Image of Resurrected Jesus at Empty Tomb

Easter is the most important movable feast in the Christian calendar.  A moveable feast (short for feast day) is a celebration that is not calculated according to the traditional solar calendar.  The date of Easter changes each year according to a complicated formula based on the lunar rather than the solar calendar.  Many litugical books have tables specifically desgined to determine the date of Easter each year, such as the one below from Newberry Library MS 82, f. 2r.  (For more information on Easter Tables, see Clemens & Graham, Introduction to Manuscript Studies, pp. 198-202)

An Easter Calendar from Newberry Library Manuscript

Newberry Library MS 82, f. 2r, Easter Table

Image of Jesus after resurrection in front of empty tomb.
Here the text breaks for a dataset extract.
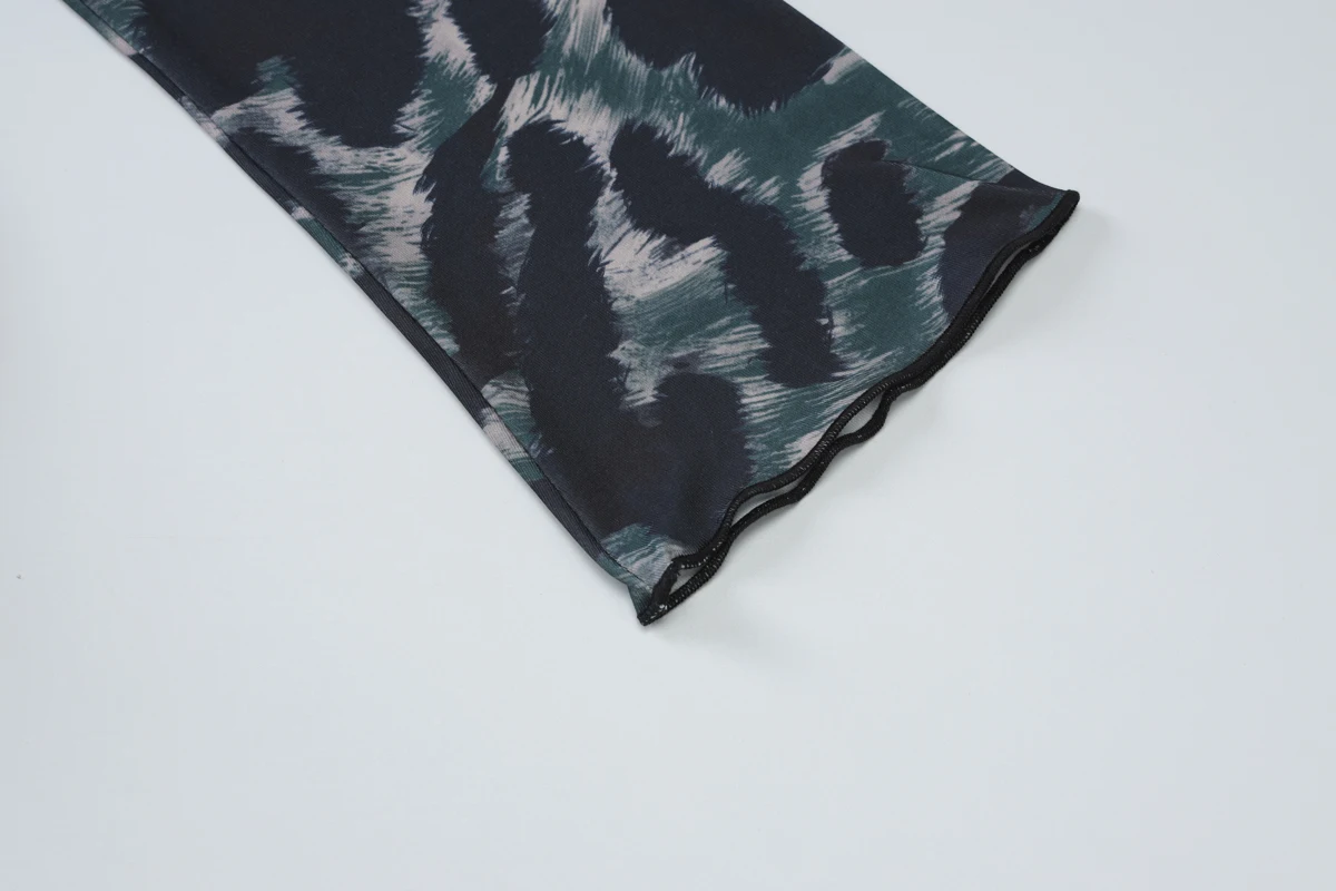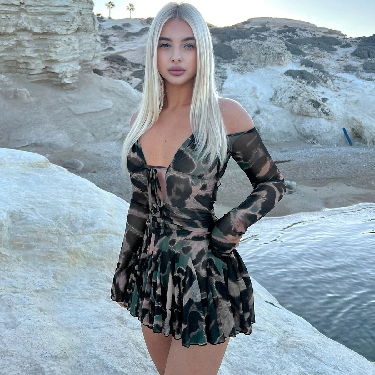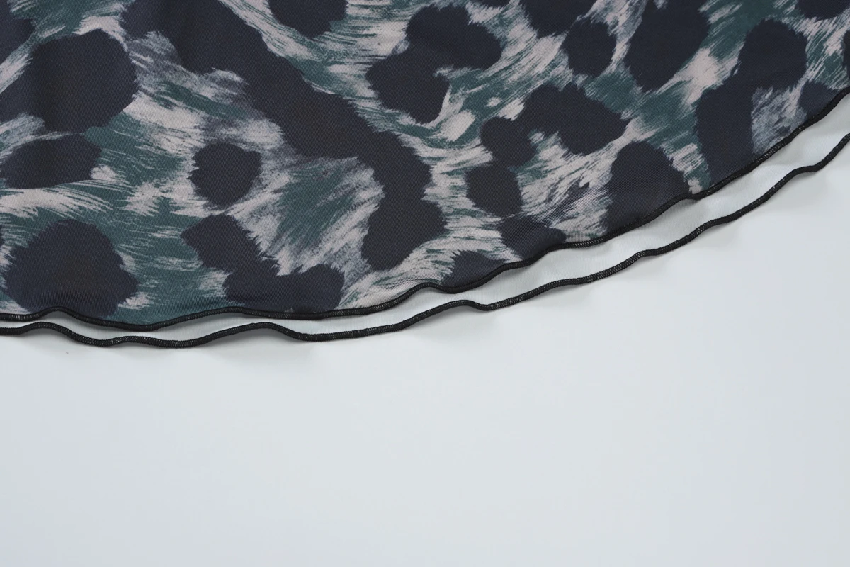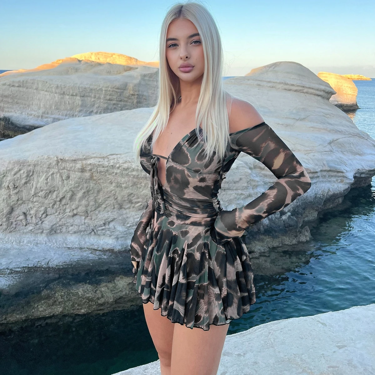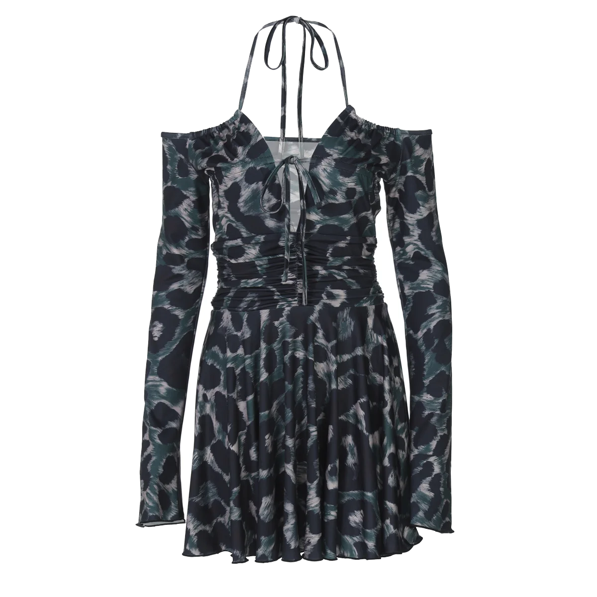 Leopard Print Halter Long Sleeve Lace Up Pleated Sexy Slim Mini Dress Women Fashion Y2K Clothes Streetwear Vacation

Beinecke MS 425, f. 153r, Jesus at the Tomb with Soldiers

This image is taken from a single folio in a late fifteenth century French Missal, Beinecke MS 425, once called the “Fouquet Missal,” but no longer attributed to the artist Fouquet.  The Missal was a grand one composed for a wealthy family.  The text is entirely in French and is richly illuminated.  This scene shows the moment of Jesus’ resurrection, with the tomb thrown open and the guards so frightened that they “shook and became like dead men” [MT 27:4]

The events in the scenes from bottoms right to top left depict the events that immediately followed the resurrection.  In the first roundel (lower left), the three Marys carry enbalming spices to the tomb to annoint Jesus body but find the tomb empty (second roundel, bottom right) and an angel on top of the tomb explaining that Jesus had been resurrected, as he promised [MT 27:6].  The third scene shows Mary Magdalen, who in the gospel of John mistook the resurrected Jesus for the gardener, falls to her knees to embrace Jesus, but is told by him, “Noli me tangere! (Do not touch me!) [JN 20:17].  The four gosepls contain conflicting information about the details of the resurrection and the illumination reconciles those into a single narrative.  The last scent (upper right) shows Jesus demonstrating his wound to Thomas, the disciple who was not present when Jesus first appeared to the other apostles. 

Although one of the most important aspects of the life of Jesus of Nazarath, images of the resurrection are less frequest than those of Jesus’ execution, likely because of the emphasis in late medieval piety on the role of the suffering body in the redemptive process.  Beinecke MS 425 includes several full page illuminations of the resurrection or empty tomb.  A full facsimile of Beinecke MS 425 is available on in our Digital Library.